1. Technical Field of the Invention
The present invention relates in general to the mobile communications field and, in particular, to a method for controlling transmission power levels in a spread spectrum or Code Division Multiple Access (CDMA) cellular communications system.
2. Description of Related Art
In wideband spread spectrum cellular communications systems (often referred to as Wideband-CDMA or W-CDMA systems), power control symbols are transmitted on a regular basis in order to compensate for the effects of changing conditions that influence the channel, such as fading and shadowing. For example, a serving base station can transmit a power control command, which signals a served mobile station to increase or decrease its transmission power level. The mobile station then decides whether to increase or decrease its transmission power level in response to the power control command received.
However, for a mobile station operating in a soft handoff (SOHO) mode, it commences communications with a new base station before terminating communications with the old base station. Consequently, the mobile station""s transmission power level decisions have to be made based on the power control commands received from the two (or more) base stations that are serving the mobile station during the SOHO operation. Similarly, on the downlink, each base station can decide what transmission power level is needed for each served mobile station, based on the power control messages received from the served mobile stations. With this approach, the effects of changes to the channel conditions can be minimized.
When a mobile station is operating in a non-SOHO mode, the mobile station""s decision about whether to increase or decrease its transmission power level can be based on the direction provided by the power control bit or symbol received from its serving base station. As such, as specified in the technical standards involved (e.g., the ARIB standards for Wideband-CDMA, and the IS-95 Standard: ANSI J-STD-008, pp. 2-137), the amount that the mobile station is directed to increase or decrease its transmission power level is a constant value.
A similar power control approach is taken on the downlink for base stations operating in a non-SOHO mode. A serving base station""s decision about whether to increase or decrease its transmission power level is a hard decision, which is based directly on the detected power control bit or symbol transmitted from a specific served mobile station. However, in the proposed ETSI standard (for Europe), the amount that the serving base station will increase or decrease its transmission power level is variable, but not on a slot level. In other words, the network can select an xe2x80x9camountxe2x80x9d for the base station to use, but once that amount is selected, it remains constant until the next change (e.g., triggered from a higher protocol level).
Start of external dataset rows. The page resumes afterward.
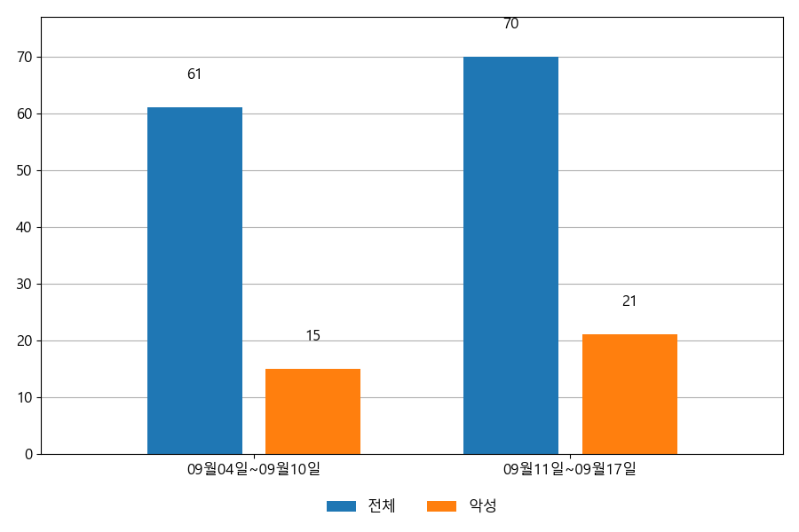 지난주 이메일 유입량은 총 70건이고 그중 악성은 21건으로 30.0%의 비율을 보였습니다. 악성 이메일의 경우 그 전주 15건 대비 21건으로 6건이 증가했습니다.
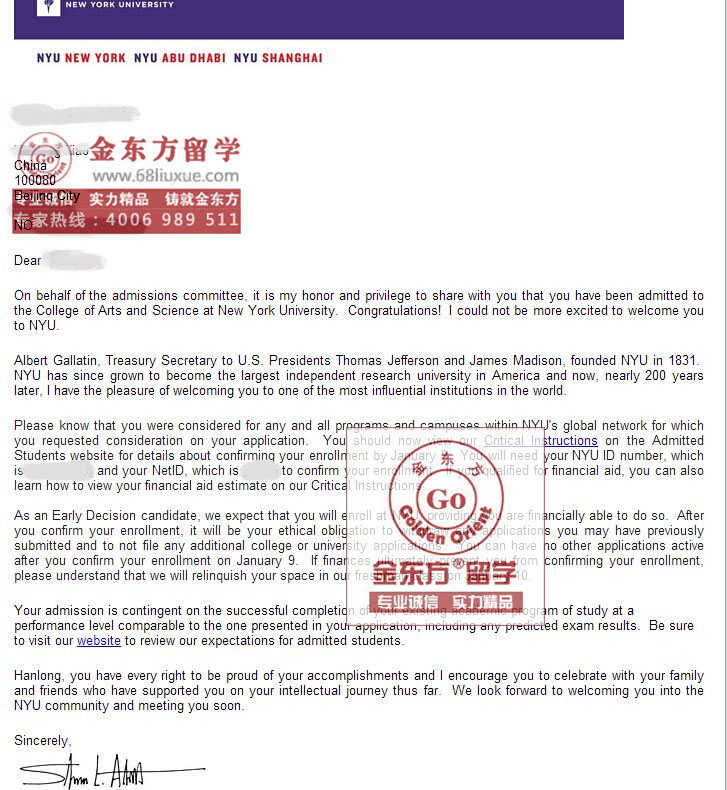 文书的写作过程非常的顺畅,D同学已经有了丰富的经历,再将个人学习目标和理想包装一番,就是一套好的文书材料。后续的提交网申、送分、邮寄材料都是由我们的老师完成,D同学及时提供材料保证了申请的顺利完成。在得知D同学被纽约大学预先录取了,我们真的是深感欣慰。
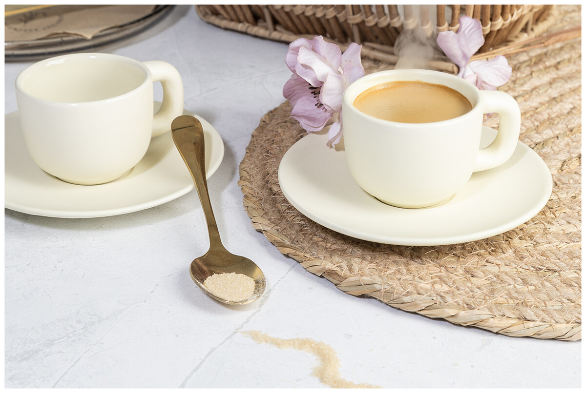 Vysoce kvalitní sada keramických šálků na espresso se 2 šálky a podšálky. S matnou vnější a lesklou vnitřní povrchovou úpravou. 85 ml. V kraftové papírové krabici.
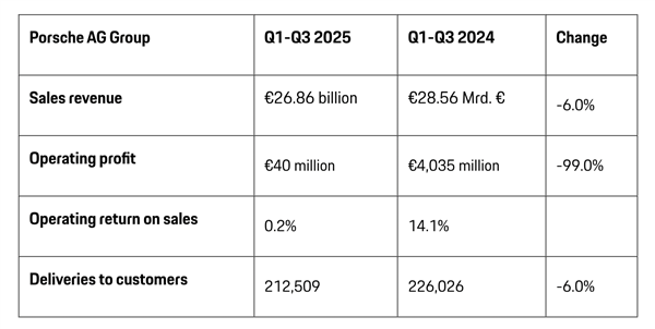 Прибыль Porsche от продаж за первые три квартала текущего года составила всего 40 миллионов евро, что на 99% меньше, чем 4,035 миллиарда евро за аналогичный период прошлого года.

On the other hand, when a mobile station is operating in a SOHO mode, the decision about whether to increase or decrease its transmission power level is based on the power control bits or symbols received from the two (or more) base stations involved in the SOHO procedure. In accordance with the IS-95 standard, the mobile station will increase its transmission power level only when all of the base stations involved in the SOHO procedure convey a power increase command. However, if just one of those base stations transmits a power decrease command during a SOHO procedure, the mobile station is required to decrease its transmission power level. In any event, the mobile station""s transmission power level is increased or decreased by a constant value.
Also, for W-CDMA systems, each base station involved with a mobile station in a SOHO procedure independently receives a power control bit or symbol from that mobile station. Therefore, each such base station can decide independently from the other base station(s) whether to increase or decrease its transmission power level for the mobile station involved, based on the power control bit or symbol received (and detected) from that mobile station.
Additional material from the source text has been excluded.